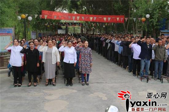 亚心网讯(通讯员 杨峰)5月29日,又是一个周期的清晨,新疆工程学院驻和田市吉亚乡“艾德莱斯村”工作队全体驻村工作队成员、全体村干部、包村干部、村警、协警、驻寺管寺干部和我村各族党员干部群众在村委会大院举行了隆重而又庄严的升旗仪式。村第一书记阿布都克依木·托合提同志宣布升旗仪式正式开始,早晨9点整,全体干部和群众脱帽、行注目礼。迎着朝阳,村民国旗护卫队成员着装整齐、迈着铿锵的步伐来到了国旗台下,全场一片肃静。在激昂的《义勇军进行曲》歌声中,升旗手振臂一挥,鲜艳的五星红旗徐徐展开,在初升的阳光映照下,全体村民的注目中,迎着初升的太阳,在晨曦中迎风飘扬在村委会的上空。
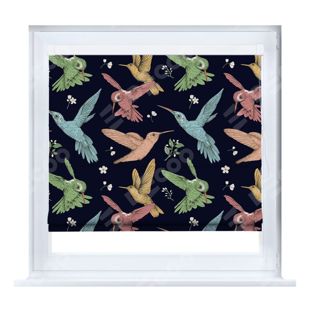 Римская штора кассетного типа, производителя «Cortin», устанавливается только на пластиковые окна и прилегает к стеклопакету, пошита из ткани блэкаут с нанесением сублимационной печати «Птицы и цветы».
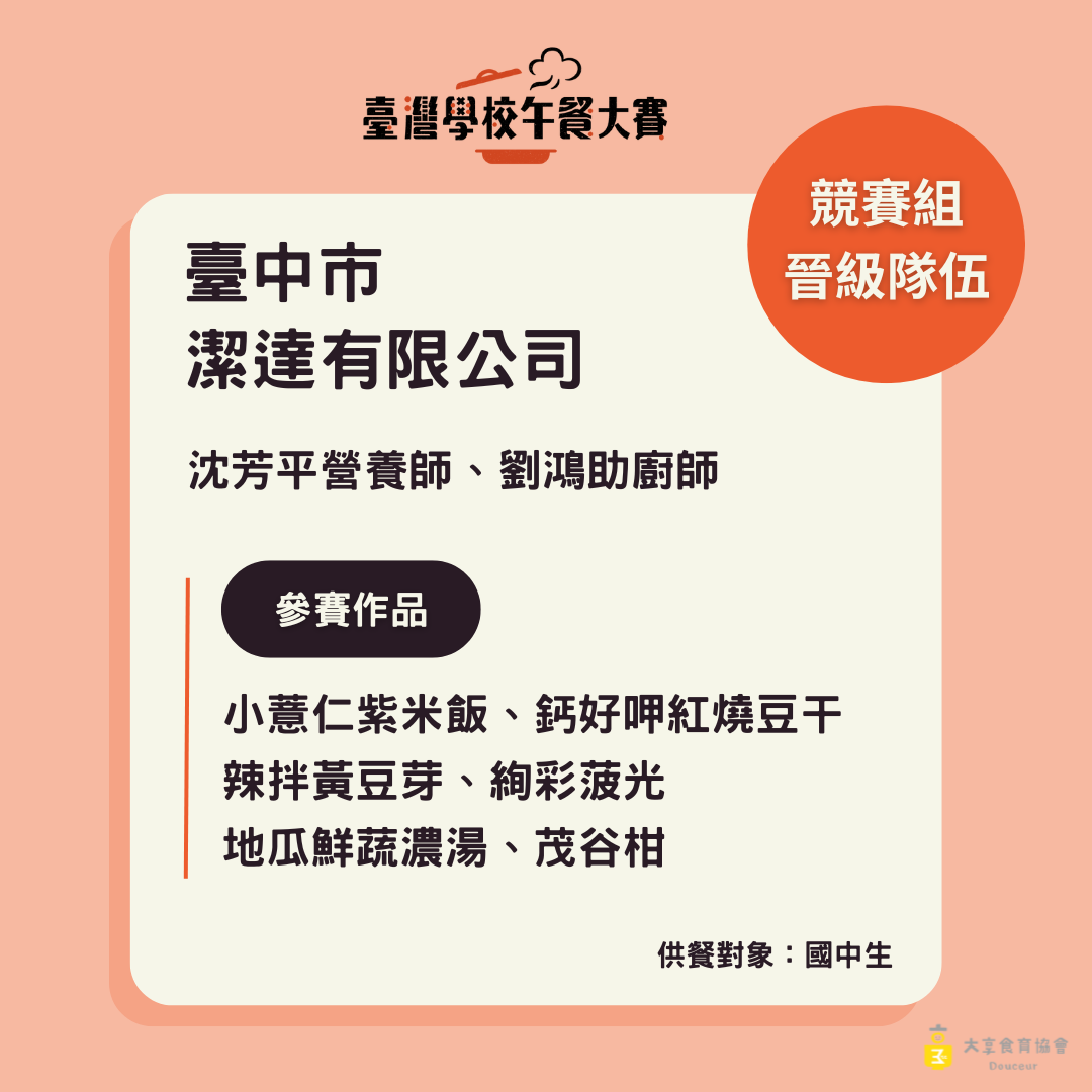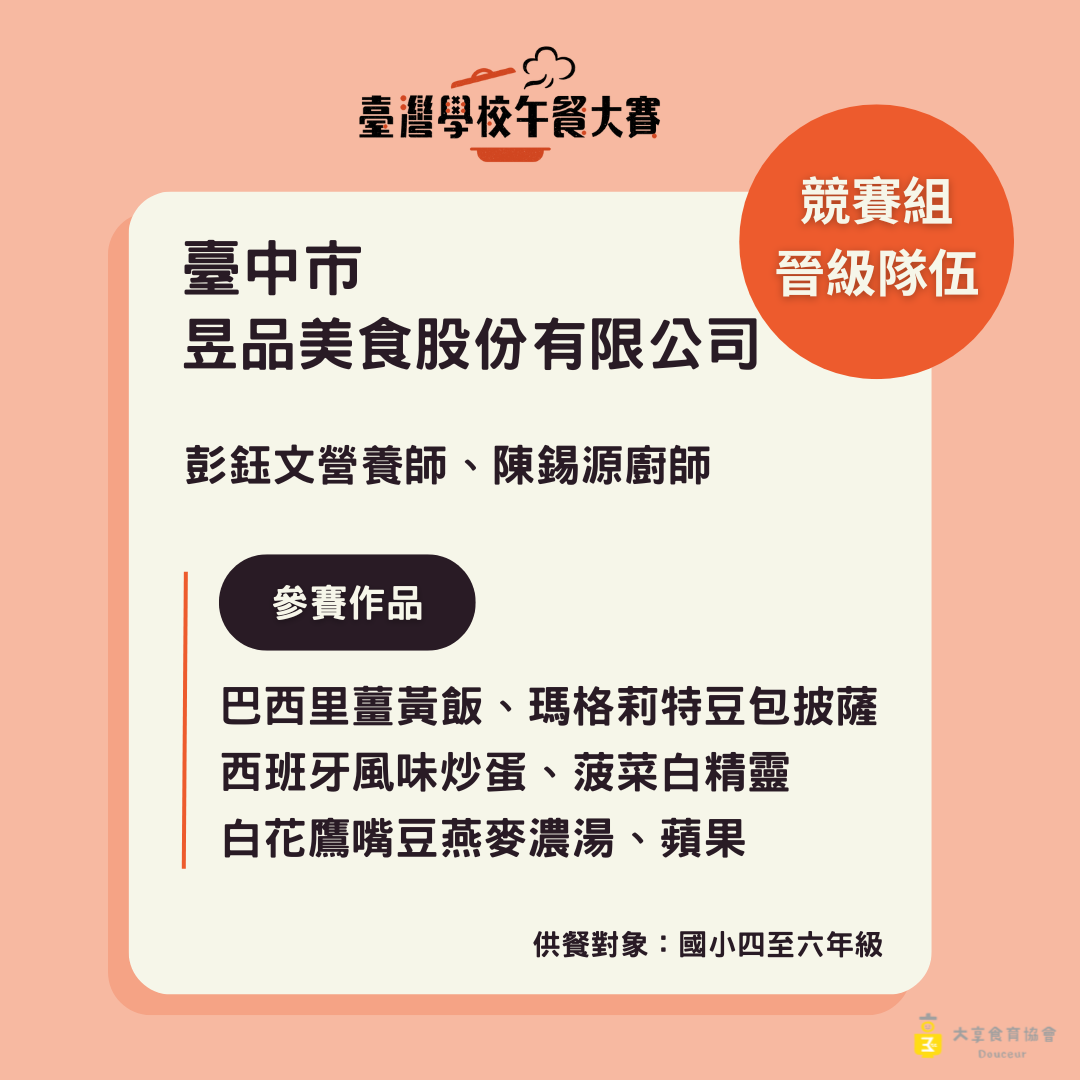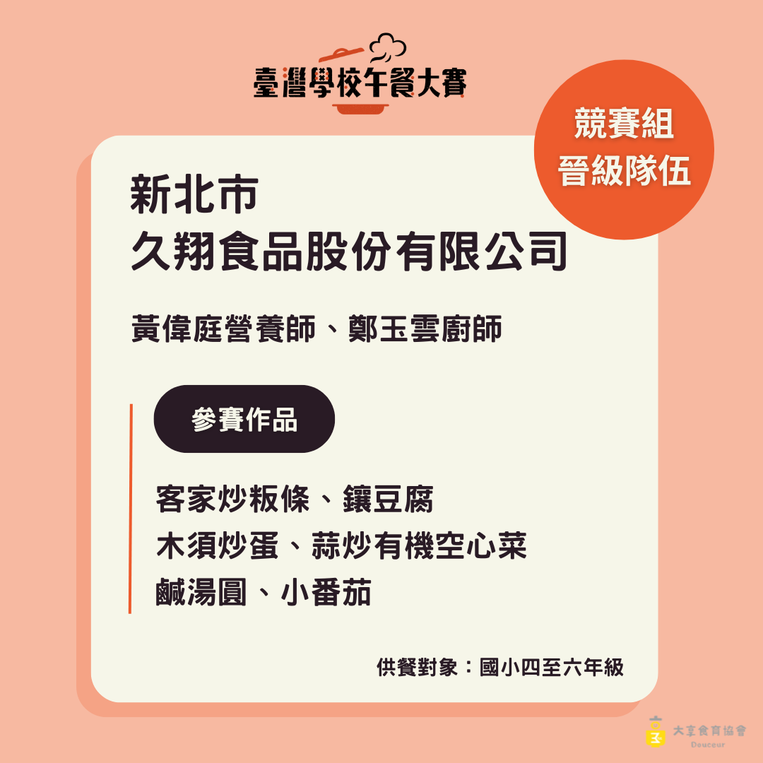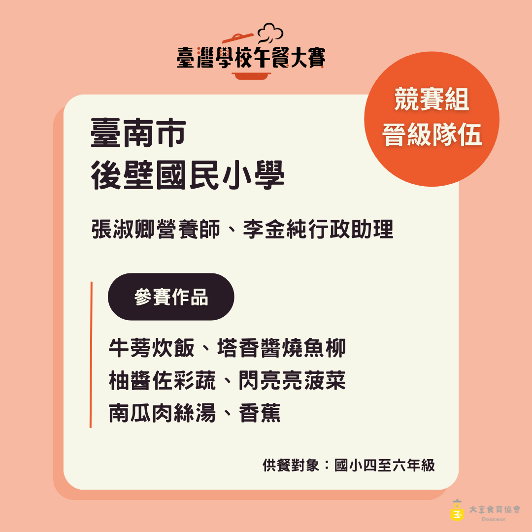 【2024年3月22日公告】 2024 第七屆臺灣學校午餐大賽「晉級決賽名單」出爐! 2024年4月27日至28日,來自全國6縣市12組24名現職學校午餐從業人員將踏上全國舞台,爭取一年一度最佳學校營養午餐的榮耀! 精彩賽事訊息不漏接:https://www.foodiedu.org/project/2205 恭喜以上晉級隊伍!
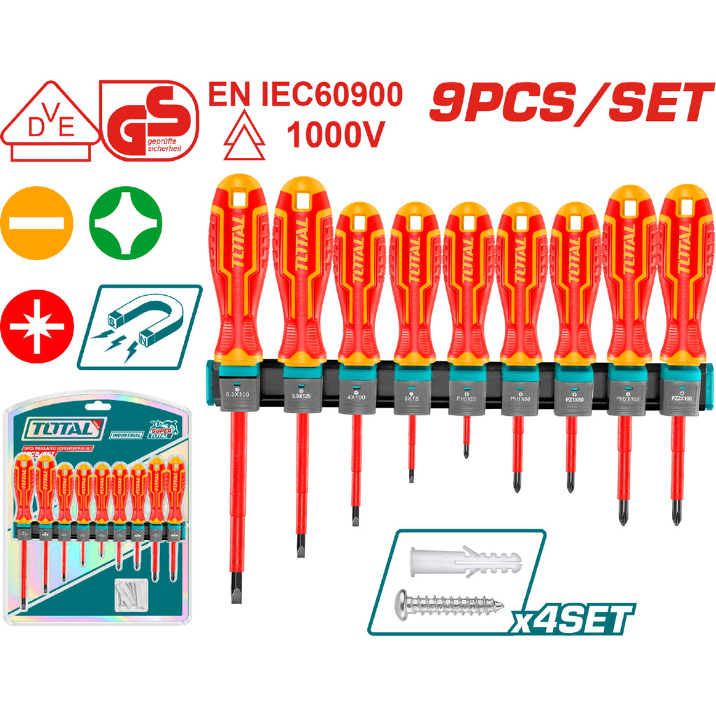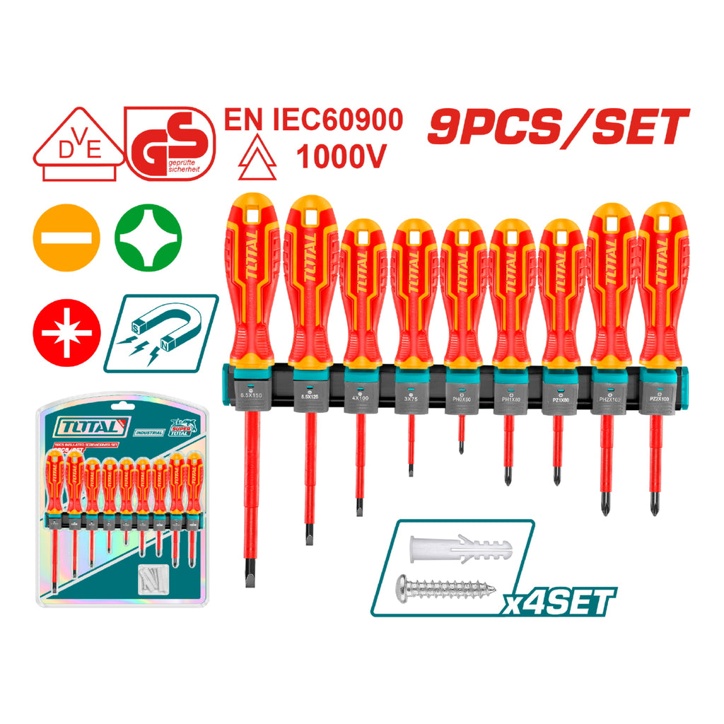 Destornilladores Aislados 1000V Mango Ergonómico. Magnético. Punta Redonda. Set De 9 Piezas. Para Electricista
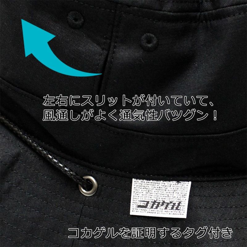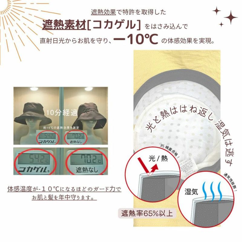 「コカゲル・ハット」は特許取得の3層構造で、太陽からの日差しをMAX65%カット。体感温度は-10℃以上という驚異の性能で、まるで木陰にいるような涼しさを実現します。
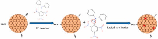 C-dots can break down reactive nitrogen species (RNS) and hydroxyl radicals (•OH) [28]. First, C-dots possess anti-radical activity towards RNS (i.e., NO• and ) which can interfere with cellular activity. The antioxidant activity is assessed via evaluating free radical content of a solution containing C-dots and comparing it to that in a solution without C-dots (control). The standard molecule is the 1,1-Diphenyl-2-picrylhydrazyl radical (DPPH•), a nitrogen-centered free radical whose nitrogen has two lone-pair electrons surrounded by three benzene rings. The possible scavenging mechanism involves hydrogen transfer from C-dot surfaces to DPPH• [27] (Figure 2). The presence of carboxyl (–COOH), hydroxyl (–OH), and amino (–NH2, –NH–) groups allows the hydrogen transfer and the reduction of DPPH• to DPPH–H [27]. Unpaired electrons on the C-dot surfaces can be delocalized through resonance in aromatic domains or through chemical bond rearrangement. In contrast, the blue fluorescence of C-dots can be quenched by an electron transfer mechanism, in which nitroxide radicals act as electron acceptors [27]. Secondly, C-dots can scavenge the •OH radicals, one of the primary sources of oxidative stress in biological systems, thus preventing oxidative damage to biomolecules (e.g., lipids, proteins, and DNA) caused by •OH radicals [27]. Specifically, C-dots can undergo electron transfer reactions with •OH, resulting in the conversion of the •OH radical into a less reactive molecule that effectively eliminates the radical [27]. In addition, C-dots can participate in redox cycling, where they alternate between the oxidation and reduction states in scavenging reactions. This cycling enhances the efficiency of neutralizing multiple •OH radicals [29,30]. Furthermore, C-dots possess unique photoluminescent properties owing to their quantum confinement and surface states. The excited states of the C-dots can interact with singlet oxygen molecules, which are ROS radicals that are highly responsible for oxidative damage, thus reducing the possibility of singlet oxygen formation [29,30]. The quenching of the excited-state C-dots plays an essential role in their antioxidant properties [28,31].
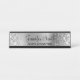 Brilhante prateado cintilante, cintilante, nas bordas laterais, sobre uma fina cinza prateada, em metal escovado ou em papel fotográfico do estilo aço inoxidável. As cores principais são cinzas prateadas, pretas e brancas. Placa personalizada de desktop com espaço para nome e cargo. O estilo e o tamanho da fonte podem ser alterados, se necessário.
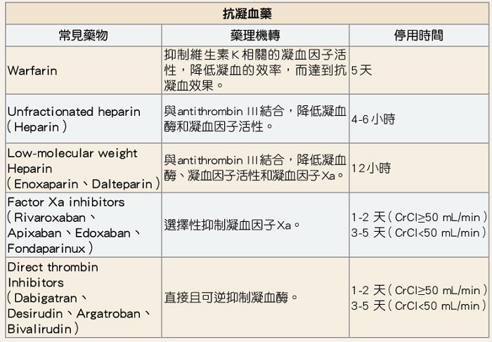 抗血栓藥物指包含抗凝血藥和抗血小板藥。臨床評估於侵入性檢查前是否需停用抗血栓藥,必須衡量檢查術式的出血風險與病患本身的心血管疾病風險,再決定是否停藥或給予銜接性藥物。大腸鏡檢合併切片檢查屬於低出血風險手術,小於2公分的瘜肉切除術屬於高出血風險手術,大於2公分的瘜肉切除術則屬於超高出血風險手術。
______________________________
* **What to do**: The copy must begin at the line containing "Brilhante prateado cintilante, cintilante, nas" and end at the last line of the data above, with every line retyped exactly and no pictures included.

* **Answer section**:
 Brilhante prateado cintilante, cintilante, nas bordas laterais, sobre uma fina cinza prateada, em metal escovado ou em papel fotográfico do estilo aço inoxidável. As cores principais são cinzas prateadas, pretas e brancas. Placa personalizada de desktop com espaço para nome e cargo. O estilo e o tamanho da fonte podem ser alterados, se necessário.
 抗血栓藥物指包含抗凝血藥和抗血小板藥。臨床評估於侵入性檢查前是否需停用抗血栓藥,必須衡量檢查術式的出血風險與病患本身的心血管疾病風險,再決定是否停藥或給予銜接性藥物。大腸鏡檢合併切片檢查屬於低出血風險手術,小於2公分的瘜肉切除術屬於高出血風險手術,大於2公分的瘜肉切除術則屬於超高出血風險手術。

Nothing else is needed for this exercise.